AMWA To Extend MXF for Contribution

The Advanced Media Workflow Association (AMWA) is developing a version of the file specification MXF for Contribution (or AS-11) to meet the broader needs of North American and European broadcasters. The all-industry coalition of broadcasters and equipment vendors said it has been taking the pain out of interoperability and universal file exchange by creating constrained versions of MXF that vendors can use to facilitate interoperability between equipment in the program chain.

Brad Gilmer, Executive Director of the AMWA, said that as videotape moves towards end of life, broadcasters are looking to define workable file delivery specifications to facilitate the receipt of content from program makers.

"Broadcasters are finding that file exchange is beset with pitfalls; that was not the case with videotape," said Gilmer. "The AMWA MXF for Contribution, AS-11, constrains MXF for this use case. The fewer variables, the easier it is for vendor to supply compliant equipment to support file exchange across the broadcast production chain."

The AMWA has already released the AS-03 specification defining a format for ready-to-air material, but it said broadcasters still need a specification for a broadcast master file that can be used to prepare the transmission copies.

These issues led the main broadcasters in the UK to form the Digital Production Partnership (DPP), with one of its aims to create a standard specification for file delivery from post-production to the broadcaster. Working with the AMWA, this led to MXF for Contribution Application Specification (AS-11). This defines a constrained MXF file and details video and audio codecs along with necessary metadata.

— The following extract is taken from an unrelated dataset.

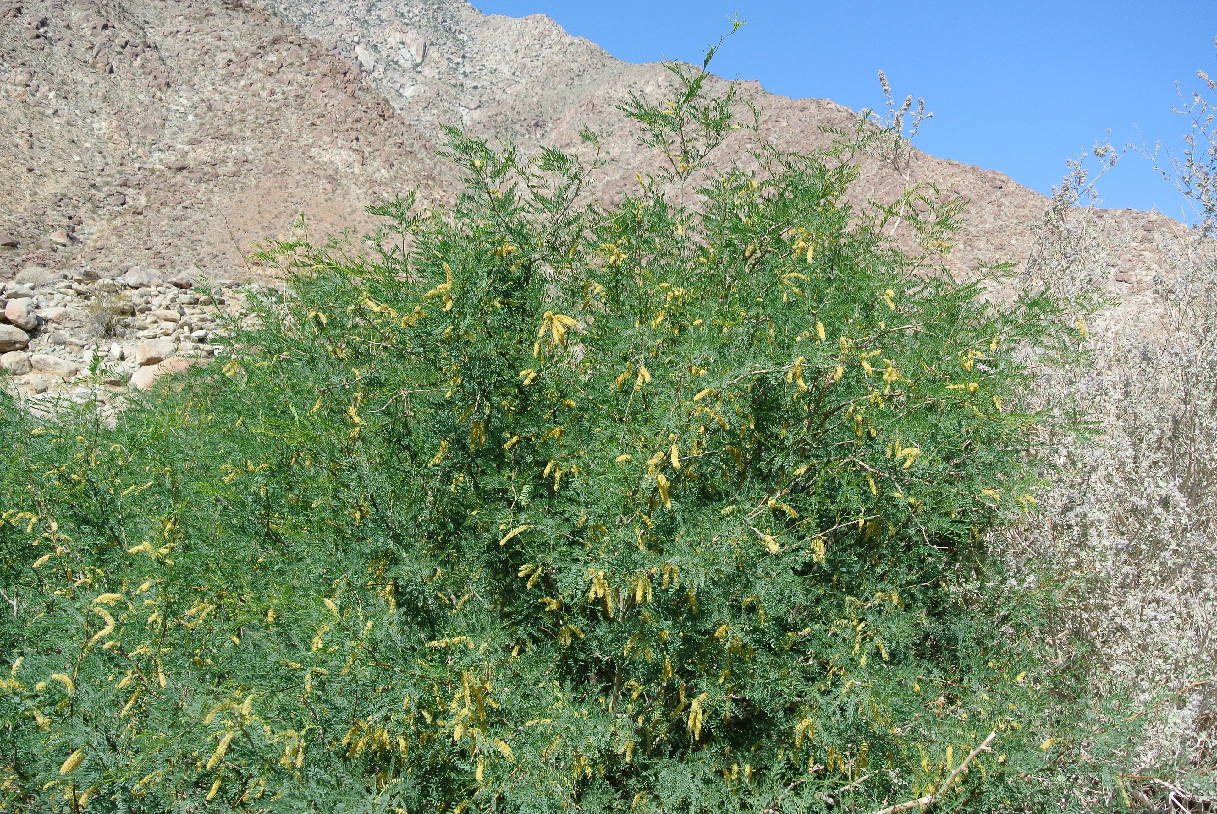 Prosopis velutina in Anza-Borrego Desert State Park (Palm Canyon).

AS-11 files can be edited for breaks, retimed, and may have additional language tracks, captions and subtitles wrapped into the file container.

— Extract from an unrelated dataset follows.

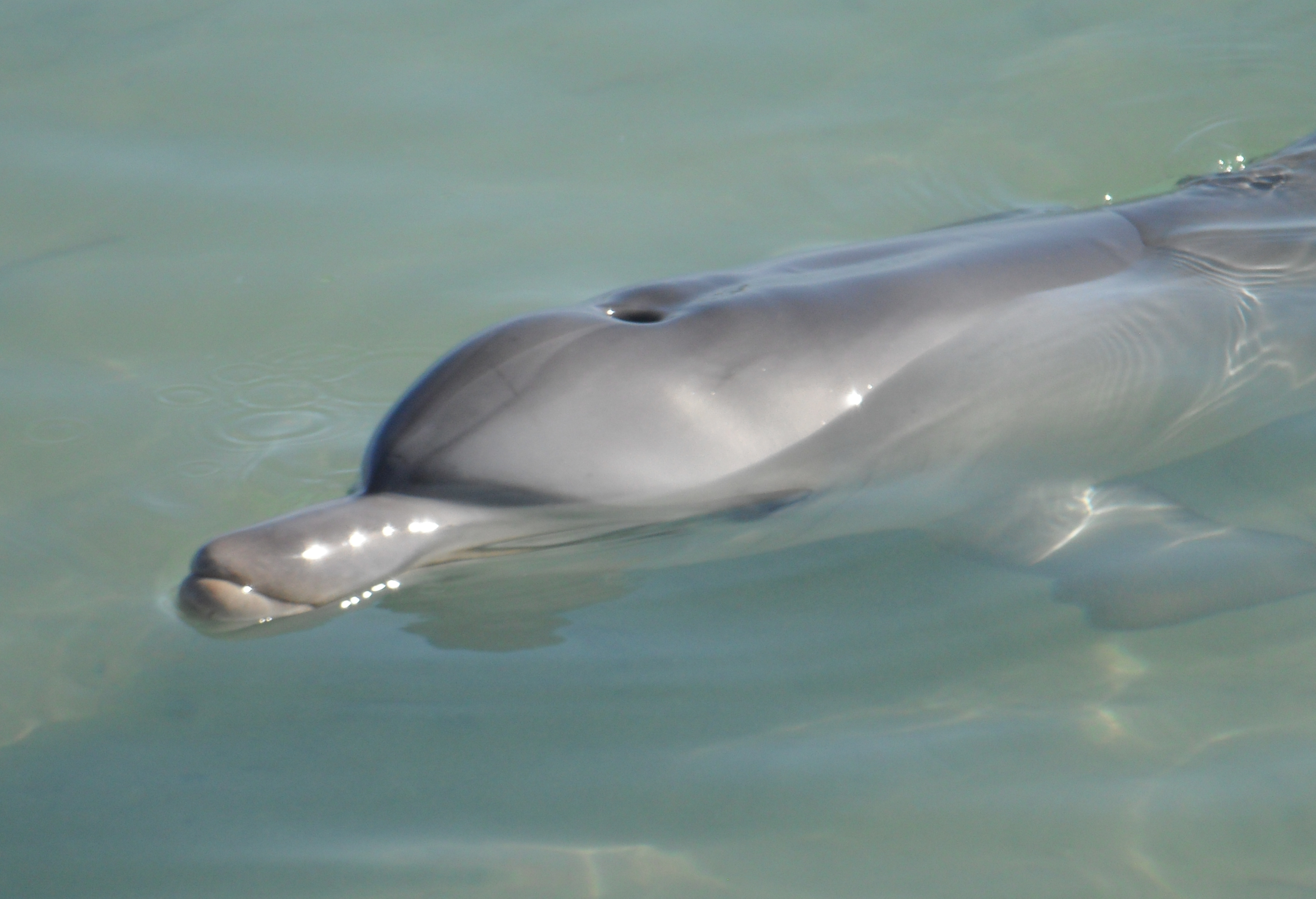 Indo-Pacific bottlenose dolphin (Tursiops aduncus) in Monkey Mia

The proposed update to AS-11 will extend the specification to better match use cases beyond those of the UK's DPP. In North America, CBC, PBS and Turner Broadcasting have expressed interest in the project. Interest is growing in Europe as well.

The UK development of AS-11 was based on the AVC-Intra codec, but other broadcasters favor the HDCAM 50Mb/s 422 long GOP codec, along with the edit codecs, Avid DNxHD and Apple ProRes so the codec set will be extended.

The project to extend AS-11 looks to combine future requirements into the next release of the specification, and the AMWA is now collecting use cases for MXF file delivery and encourages interested parties to participate.

The original AS-11 has a basic metadata set, plus a DPP specific "shim". A shim allows a user to further constrain the specification by adding house metadata, further limiting codecs to specific bit rates or line and frame rates or defining other such parameters. In an extended AS-11, each broadcaster will constrain the specification with their own shim, as the DPP does today.

AMWA members include Avid Technology, BBC, CBC, Cinegy, EBU, Extreme Reach, Encompass, FOX, Harmonic, IBM, PBS, Quantel, Telestream, Turner Broadcasting and many more.